If I don't want to unpack batch normalization


I have a question regarding batch normalization in NNVM.
By default (with opt_level=0), it seems that NNM unpacks batch normalization into several unit operators such as add_scalar, sqrt, rdiv_scalar, and elemwise_mul.
Here, If I want to keep batch normalization as a unit operator and fuse operators like @tvm_op(…, …, , func_name=”fuse_conv2d_batch_norm_relu_…", …), what steps do I need to do?

So far I notice that,

  1. Computation of batch normalization is implemented in Python (./tvm/topi/python/topi/nn/batch_norm.py) as well as C++ (./tvm/topi/include/topi/nn/batch_norm.h).
  2. The computation and schedule is not registered to NNVM, as seen in ./python/nnvm/top/nn.py) whereas it’s registered to TVM as in ./tvm/topi/src/topi.cc).
  3. Operator pattern for batch normalization is registered as BROADCAST, as seen in tag scope of batch_norm_inference() in batch_norm.py.

I tried to register batch normalization op to NNVM and execute the code, but it eventually fails in GraphFuseCompile(), specifically when fcompute (essentially, the lambda function of batch normalization code in batch_norm.py) is called in compute() in ./tvm/python/tvm/api.py.
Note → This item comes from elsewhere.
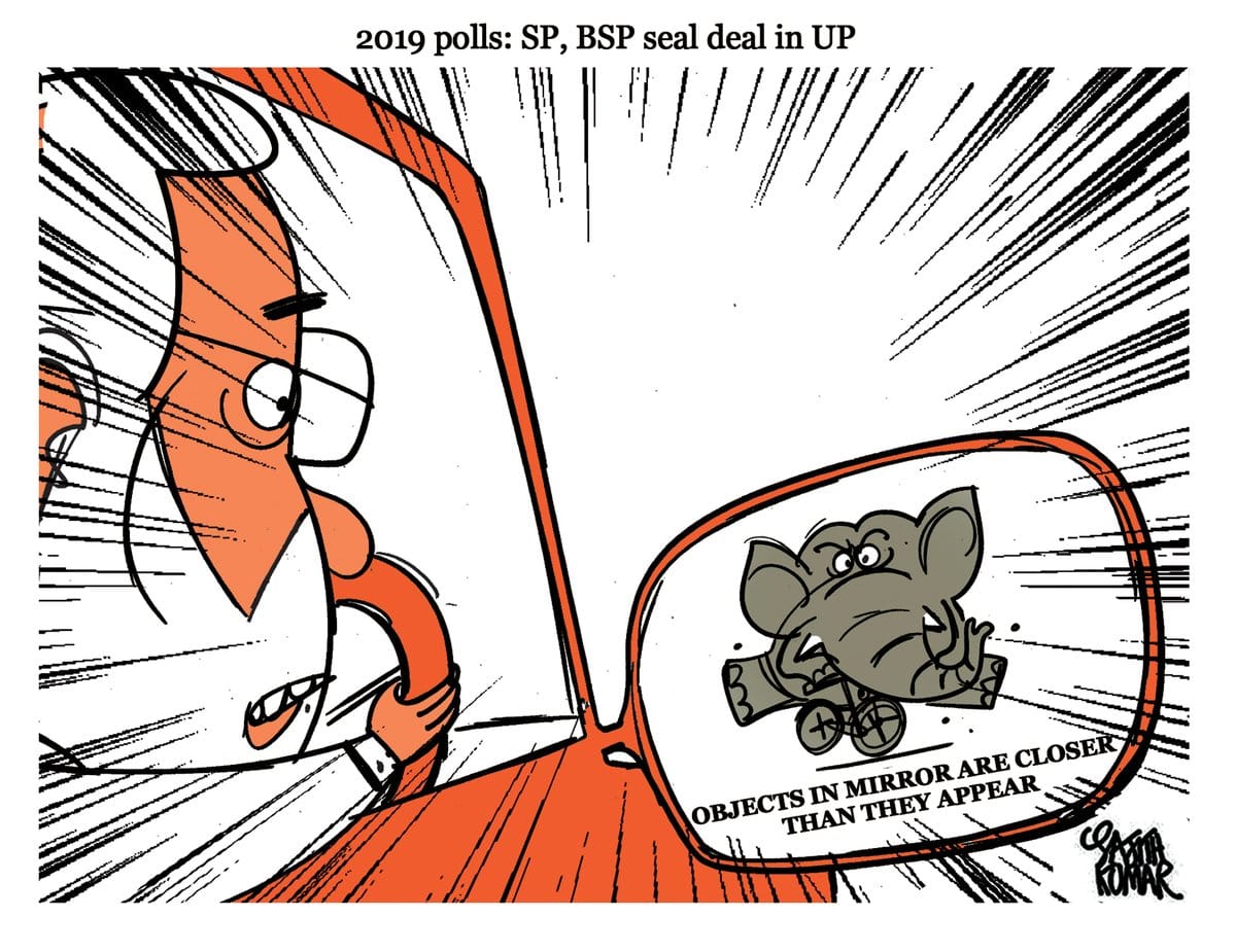 कार्टूनिस्ट महमूद सपा-बसपा के नए गठबंधन को बीजेपी की राह में रोड़ा देखते हैं और उन्हें लगता है कि हाथी (बसपा का चुनाव चिन्ह) पर सवार सपा इस बार मोदी-शाह-योगी की तिकड़ी पर भारी पड़ेगा.

Since the fcompute is a lamba function, I’m not sure how I could efficiently debug or trace the code.

Do you have any comments or suggestions? Thanks!



unfortunately it is hard to do so. You could mark batchnorm as opaque and provide a manual schedule for that.

But note that TVM automatically fuses things together again so unpacking batchnorm actually makes followup optimizations easier


Can I ask why do you want a single batchnorm? you have special implement for it?


I imagine there is a use case when a fully optimized batch norm intrinsic or instruction is provided from a particular hardware platform.


Hmm… that will be interesting. well… if it was the case, maybe we could have some arguments or system env variables tell nnvm not to unpack a specific operator, (for now only batchnorm and dropout)